**Supplied records:**
************

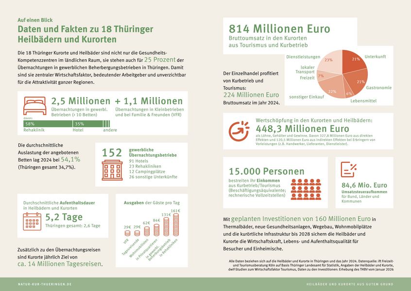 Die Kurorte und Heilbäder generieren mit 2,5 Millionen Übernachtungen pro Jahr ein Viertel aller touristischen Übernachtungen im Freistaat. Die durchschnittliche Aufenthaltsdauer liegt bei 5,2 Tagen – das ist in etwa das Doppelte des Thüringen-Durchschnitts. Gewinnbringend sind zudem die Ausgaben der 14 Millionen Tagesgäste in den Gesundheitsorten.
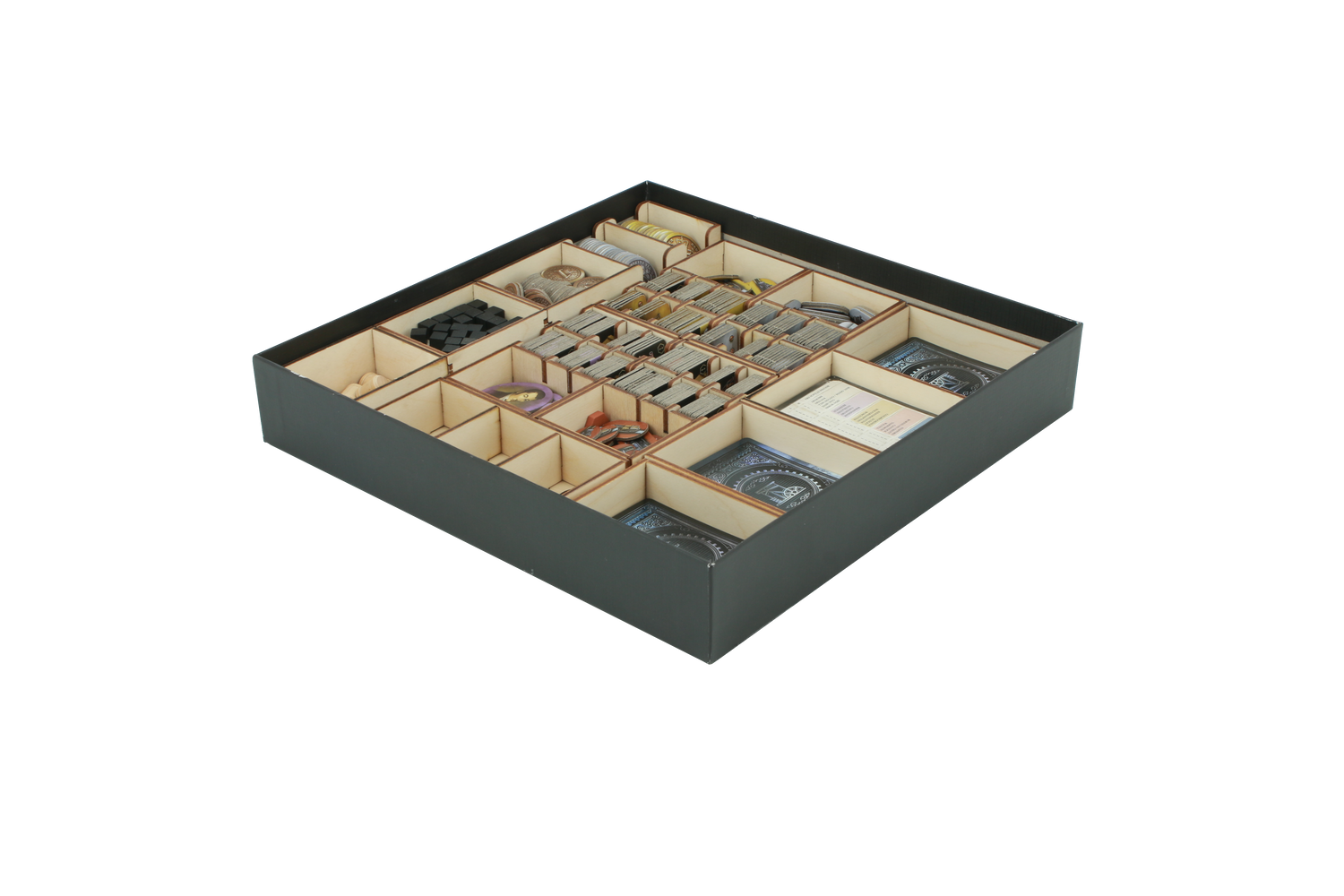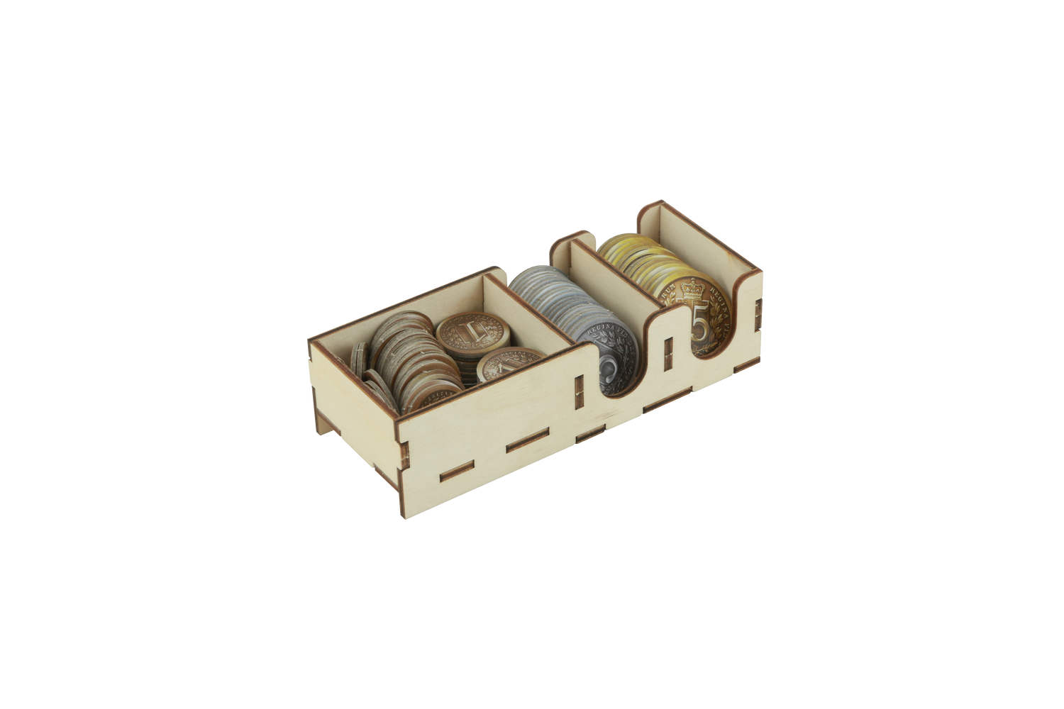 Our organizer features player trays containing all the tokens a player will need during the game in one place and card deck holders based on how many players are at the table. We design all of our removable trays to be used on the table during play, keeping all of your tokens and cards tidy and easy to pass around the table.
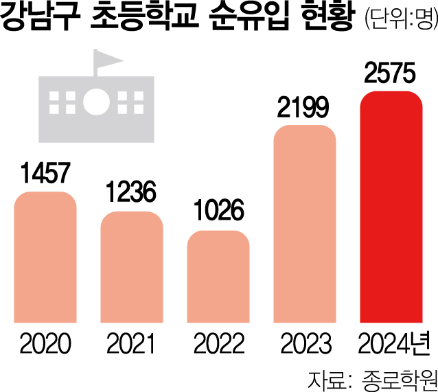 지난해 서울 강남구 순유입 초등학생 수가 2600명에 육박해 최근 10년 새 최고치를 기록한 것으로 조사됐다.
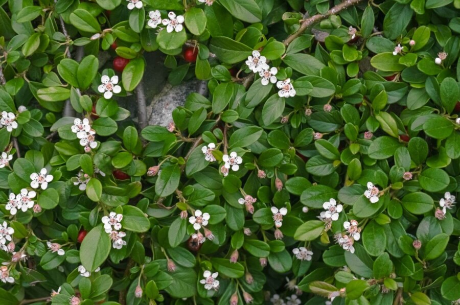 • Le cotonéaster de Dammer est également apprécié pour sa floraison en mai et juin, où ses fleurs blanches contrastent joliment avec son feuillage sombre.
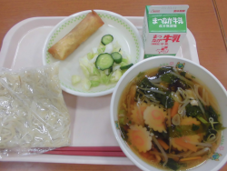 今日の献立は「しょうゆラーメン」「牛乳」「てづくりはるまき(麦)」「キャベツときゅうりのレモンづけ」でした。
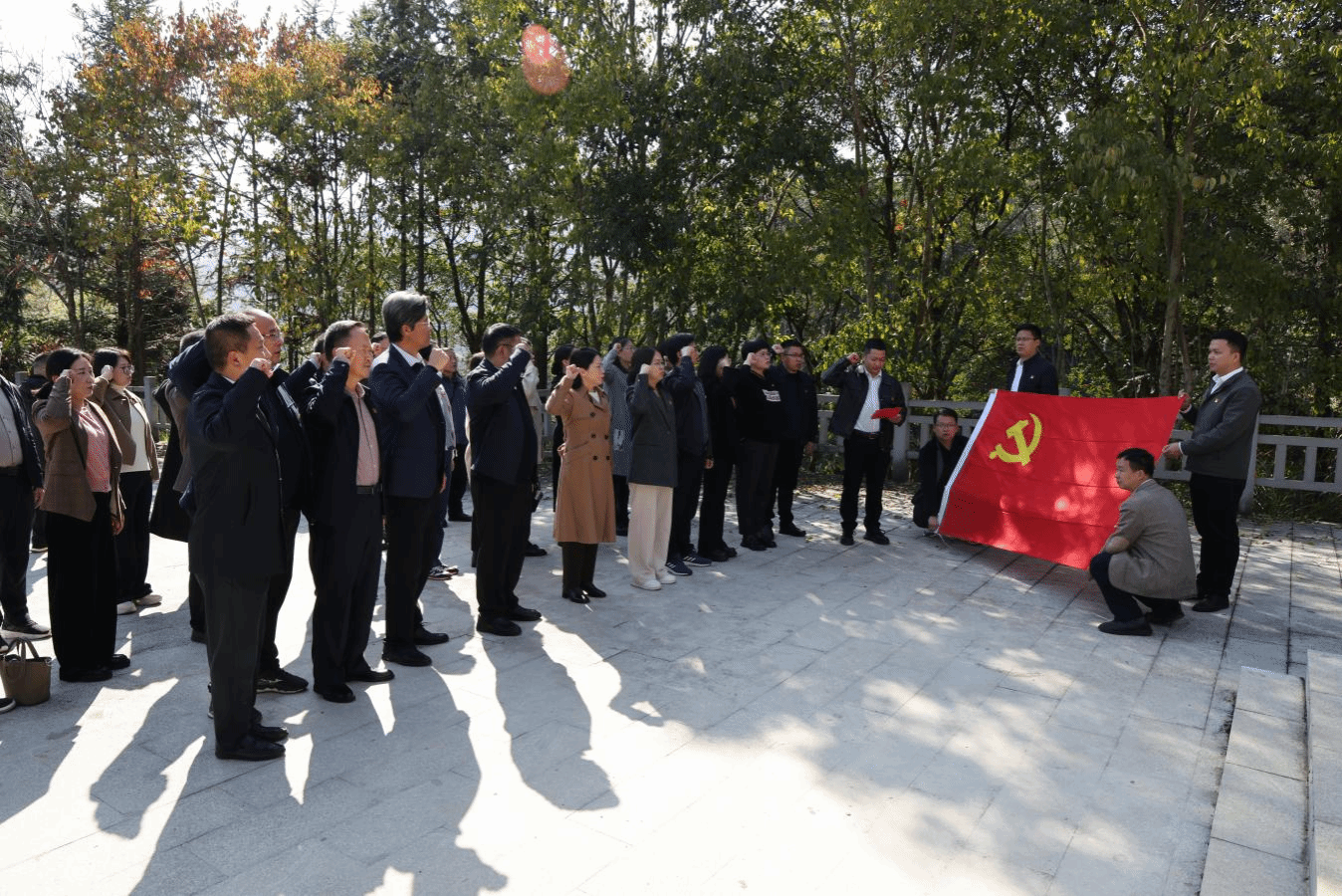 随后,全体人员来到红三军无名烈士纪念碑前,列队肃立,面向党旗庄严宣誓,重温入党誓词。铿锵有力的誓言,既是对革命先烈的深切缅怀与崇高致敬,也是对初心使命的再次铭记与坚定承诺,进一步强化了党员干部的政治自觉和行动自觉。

************

**Description of the task:**
Repeat each line above exactly as it reads, omitting any pictures.

**Expected answer:**
 Die Kurorte und Heilbäder generieren mit 2,5 Millionen Übernachtungen pro Jahr ein Viertel aller touristischen Übernachtungen im Freistaat. Die durchschnittliche Aufenthaltsdauer liegt bei 5,2 Tagen – das ist in etwa das Doppelte des Thüringen-Durchschnitts. Gewinnbringend sind zudem die Ausgaben der 14 Millionen Tagesgäste in den Gesundheitsorten.
 Our organizer features player trays containing all the tokens a player will need during the game in one place and card deck holders based on how many players are at the table. We design all of our removable trays to be used on the table during play, keeping all of your tokens and cards tidy and easy to pass around the table.
 지난해 서울 강남구 순유입 초등학생 수가 2600명에 육박해 최근 10년 새 최고치를 기록한 것으로 조사됐다.
 • Le cotonéaster de Dammer est également apprécié pour sa floraison en mai et juin, où ses fleurs blanches contrastent joliment avec son feuillage sombre.
 今日の献立は「しょうゆラーメン」「牛乳」「てづくりはるまき(麦)」「キャベツときゅうりのレモンづけ」でした。
 随后,全体人员来到红三军无名烈士纪念碑前,列队肃立,面向党旗庄严宣誓,重温入党誓词。铿锵有力的誓言,既是对革命先烈的深切缅怀与崇高致敬,也是对初心使命的再次铭记与坚定承诺,进一步强化了党员干部的政治自觉和行动自觉。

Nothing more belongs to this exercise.